▶ [Your instructions] Below are the records; copy exactly the lines from the first through the one containing "雙十一全球購物風暴來襲,智云", both included, and leave out the pictures.
---- Input data
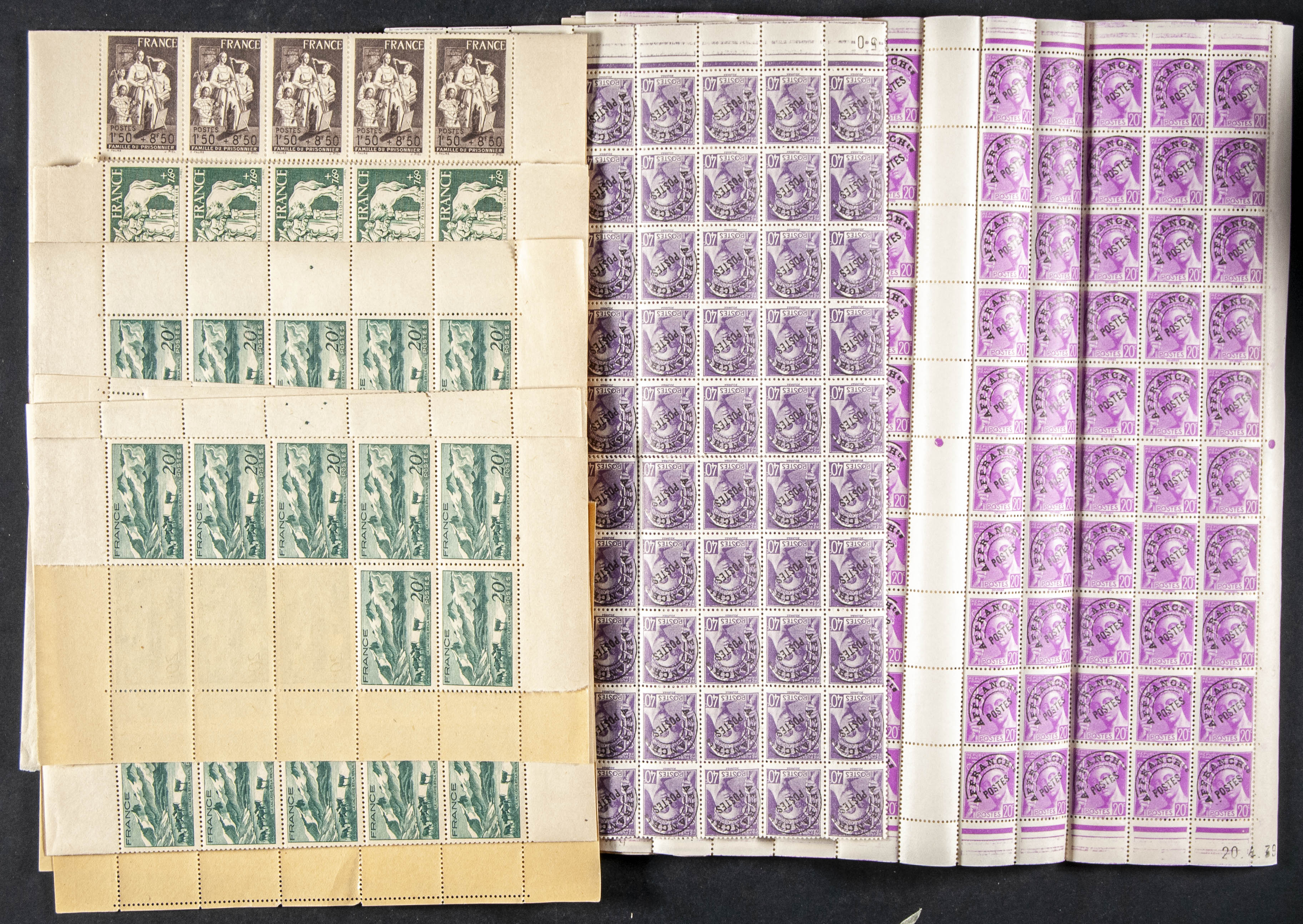 ★★/★(1910ca). Set of loose stamps and complete series of France between 1910 and 1970, in new (some used), some repeated in quantity greater than one hundred stamps and most without fixed stamps. TO EXAMINE.
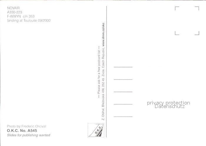 Flugzeuge Zivil Novair A330-223 F-WWYN c/n 353 postalisch nicht gelaufen Erhaltung siehe scans
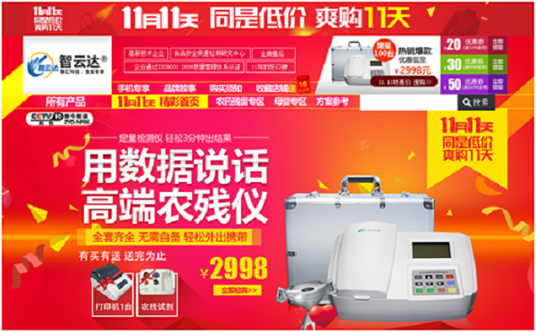 雙十一全球購物風暴來襲,智云達作為您身邊食品安全檢測專家,更多快檢產品,更多優惠等你來拿,助力食品安全我們一直在您身邊!
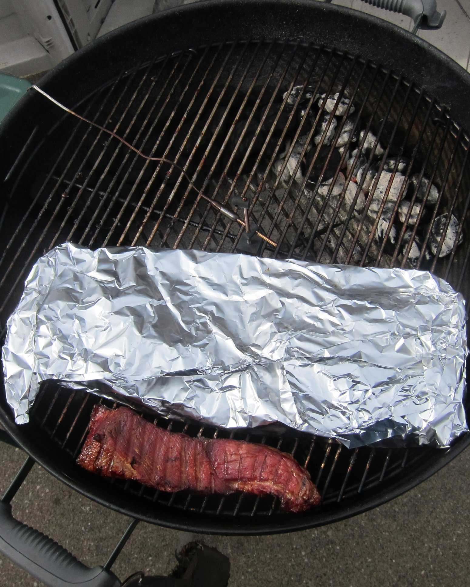 Got back home, replenished snake at the tail to burn back the way it started to finish the cook. Added some OJ, foiled.
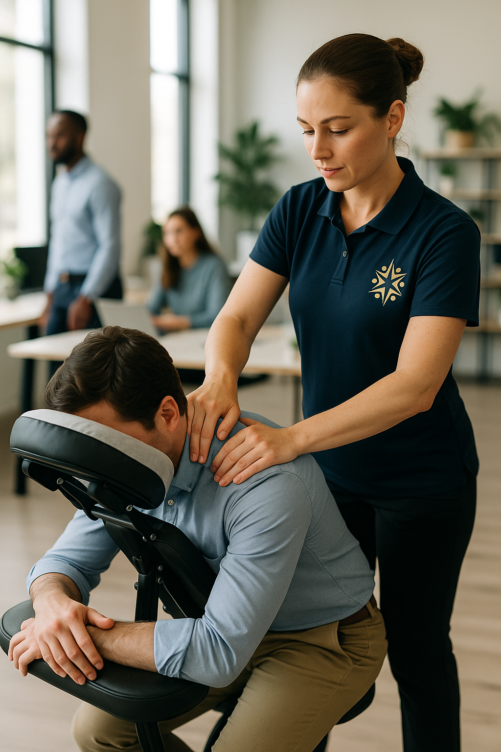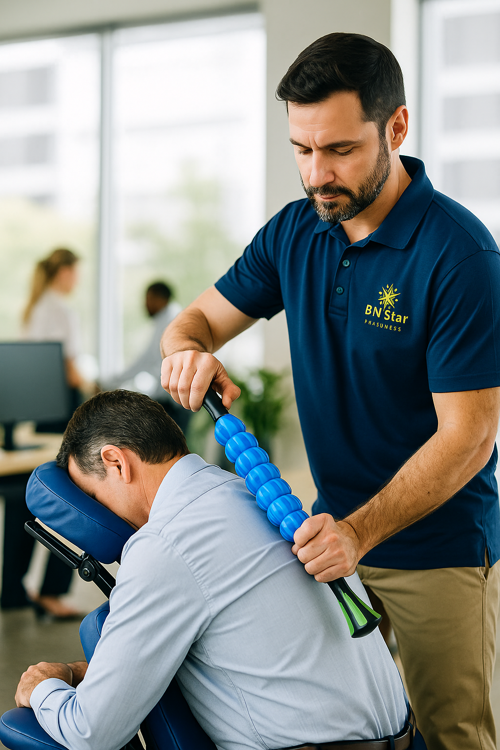 Specific focus on the back to relieve muscle tension without the need to remove clothing. On-site service with personalized attention. Designed to reduce muscle fatigue and improve posture in the workplace.
--------
▶ [Task answer]
 ★★/★(1910ca). Set of loose stamps and complete series of France between 1910 and 1970, in new (some used), some repeated in quantity greater than one hundred stamps and most without fixed stamps. TO EXAMINE.
 Flugzeuge Zivil Novair A330-223 F-WWYN c/n 353 postalisch nicht gelaufen Erhaltung siehe scans
 雙十一全球購物風暴來襲,智云達作為您身邊食品安全檢測專家,更多快檢產品,更多優惠等你來拿,助力食品安全我們一直在您身邊!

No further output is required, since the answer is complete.